CS 4641-B Machine Learning — Spring 2019

Tuesday & Thursday 12:00pm-1:15pm, Klaus room 1443

Instructor: Brian Hrolenok
@cc.gatech.edu email: brian.hrolenok
Office: TSRB 241
Office Hours: Tu/Th 1:30pm-2:30pm (and by appointment)

Course description

CS 4641 is a 3-credit introductory course on Machine Learning intended for undergraduates. Machine Learning is the area in the broader field of Artificial Intelligence that focuses on algorithms for making the best decisions given data. The theoretical and practical specifics of each of these terms in a variety of problem domains form the core of ML research. This course is an introduction to a very broad and active field, and presents specific algorithms and approaches in such a way that grounds them in broader classes within that field. Topics will include supervised and unsupervised learning, randomized search algorithms, Bayesian learning methods, and reinforcement learning. The course also covers theoretical concepts such as inductive bias, PAC and Mistake-bound learning frameworks, minimum description length principle, and Ockham's Razor. This course will include several individual programming and report based assignments.

Learning objectives:

To provide a broad survey of approaches and techniques in ML.
To develop a deeper understanding of several major topics in ML.
To develop the design and programming skills that will help you to build computational artifacts that learn from data.
To develop the basic skills necessary to pursue research in ML.

Prerequisites. The official prerequisite for this course is CS 1331, although familiarity in the following topics will be useful:

Probability
Statistics
Linear algebra
Data structures
Computational complexity

Textbook: There is no textbook for this class. Specific readings from the literature will be provided via Canvas.

Assignments

All assignment submissions will be handled through Canvas, and are due by the date and time listed there. Canvas should be configured to allow submissions up to an hour late for most assignments, but these will incur a 10% penalty, and late submissions may be disabled if abused. Submissions by email will not be accepted.

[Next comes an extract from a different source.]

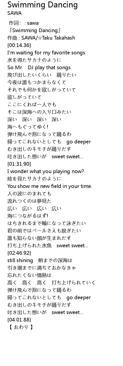 | [00:01.36] | 「Swimming Dancing」 |

Assignment 1: This first assignment asks you to explore multiple techniques in supervised learning, with a particular focus on comparative analysis. This project is open-ended and requires significant time to complete, which means you should start as early as possible.

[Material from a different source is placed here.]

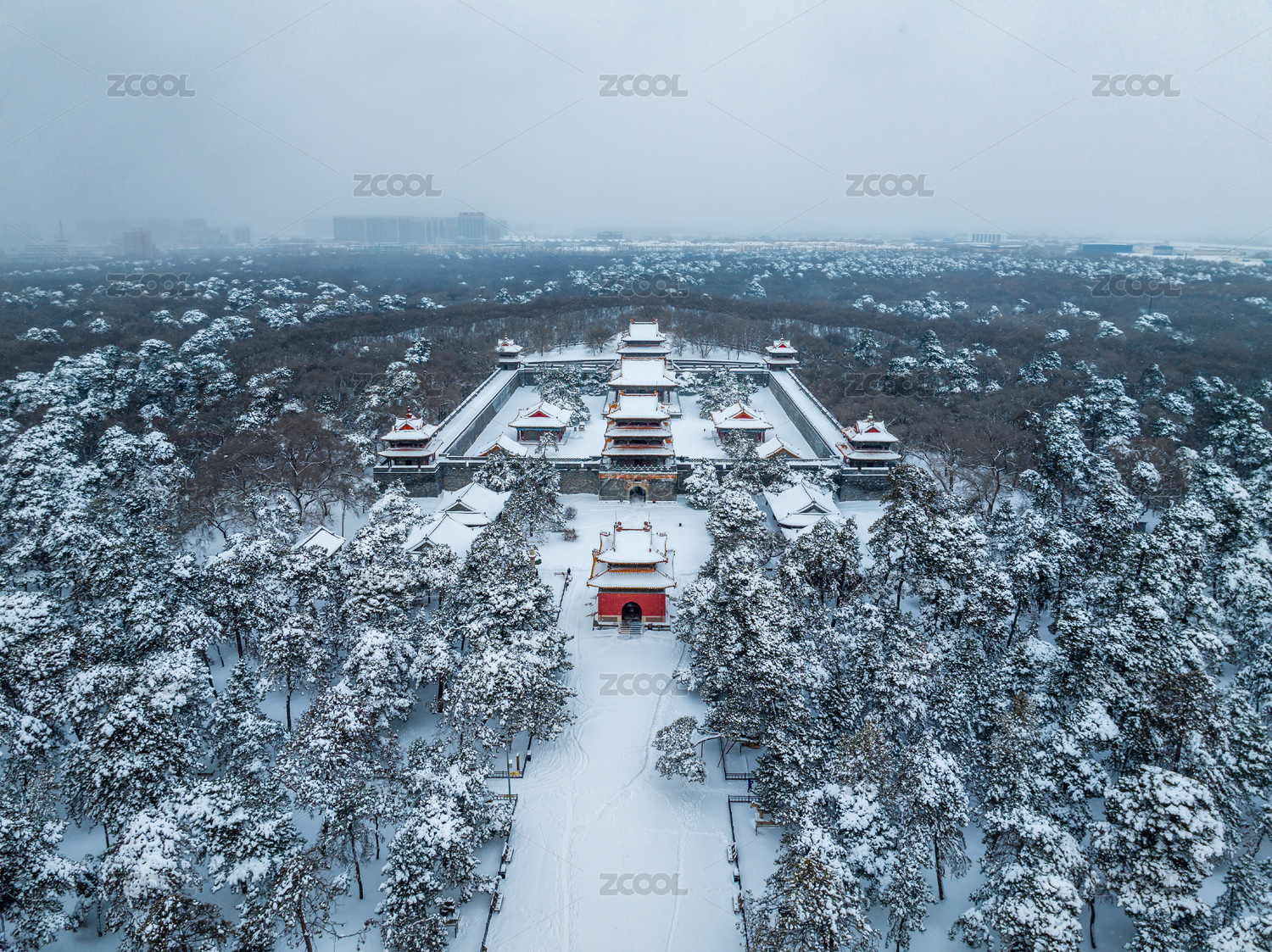 辽宁沈阳北陵公园清昭陵大雪中古建筑航拍

Assignment 2: This assignment covers several randomized optimization techniques that are useful for solving complex optimization problems common in the ML domain. This project is shorter than Assignment 1, but the due date is sooner and the midterm will be happening in parallel, so please start early.

Assignment 3: This assignment asks you to use several clustering, feature selection, and feature transformation algorithms on the datasets you've previously analyzed.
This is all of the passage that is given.